Task item —
Your output should be the lines from the one containing "Adrienne Michlig Primarschule" through the last line below, both ends included, exactly as written and free of pictures.

Data —
━━━━━━━━━━

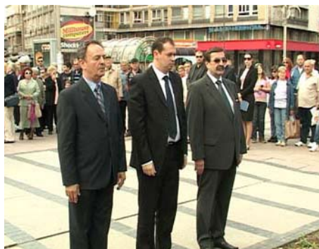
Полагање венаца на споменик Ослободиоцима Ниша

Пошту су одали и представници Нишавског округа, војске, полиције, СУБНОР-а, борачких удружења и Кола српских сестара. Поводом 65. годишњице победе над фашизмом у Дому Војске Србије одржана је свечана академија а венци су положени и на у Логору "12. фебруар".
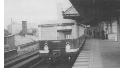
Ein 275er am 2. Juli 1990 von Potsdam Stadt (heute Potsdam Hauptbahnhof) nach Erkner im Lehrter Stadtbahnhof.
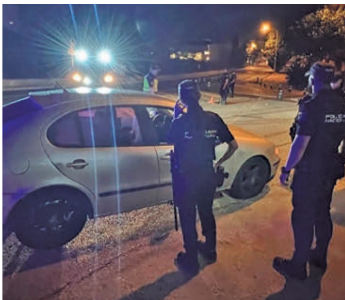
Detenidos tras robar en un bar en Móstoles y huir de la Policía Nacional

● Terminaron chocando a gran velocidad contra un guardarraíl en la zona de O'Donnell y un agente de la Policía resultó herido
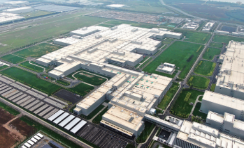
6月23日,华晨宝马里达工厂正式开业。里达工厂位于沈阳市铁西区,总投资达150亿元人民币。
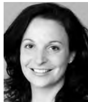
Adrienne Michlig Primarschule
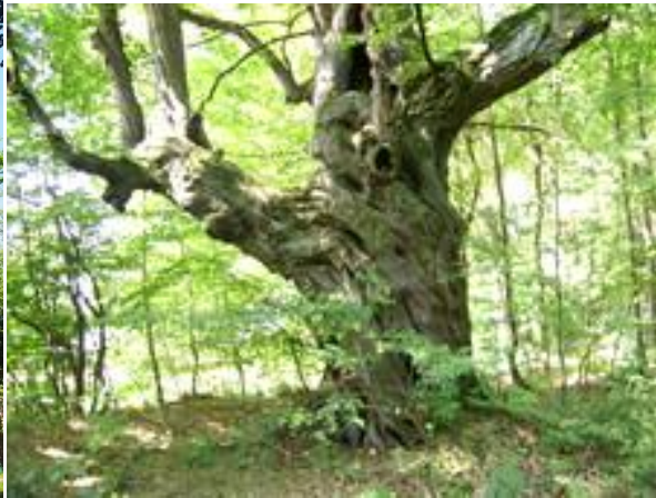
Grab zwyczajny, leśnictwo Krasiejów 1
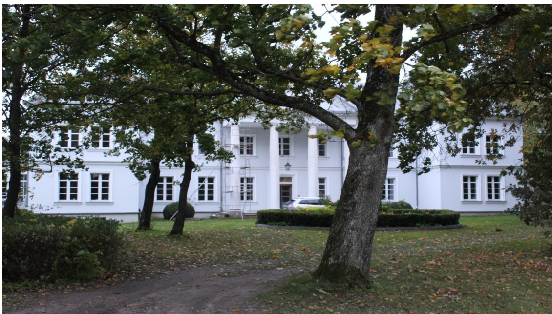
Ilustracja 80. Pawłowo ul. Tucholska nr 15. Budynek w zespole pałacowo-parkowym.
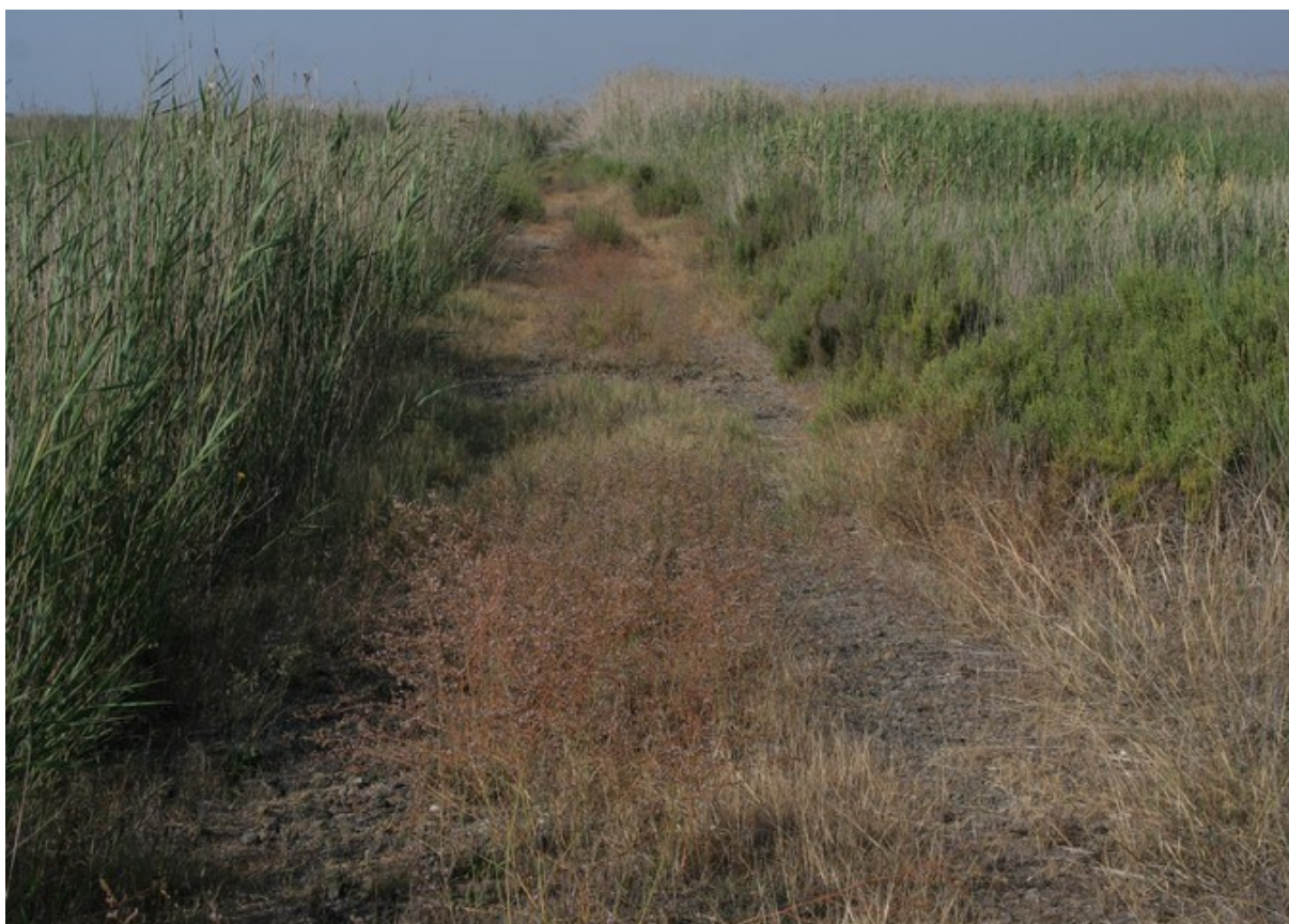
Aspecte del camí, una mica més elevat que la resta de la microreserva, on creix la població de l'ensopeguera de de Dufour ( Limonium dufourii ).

━━━━━━━━━━

Task answer —
Adrienne Michlig Primarschule
Grab zwyczajny, leśnictwo Krasiejów 1
Ilustracja 80. Pawłowo ul. Tucholska nr 15. Budynek w zespole pałacowo-parkowym.
Aspecte del camí, una mica més elevat que la resta de la microreserva, on creix la població de l'ensopeguera de de Dufour ( Limonium dufourii ).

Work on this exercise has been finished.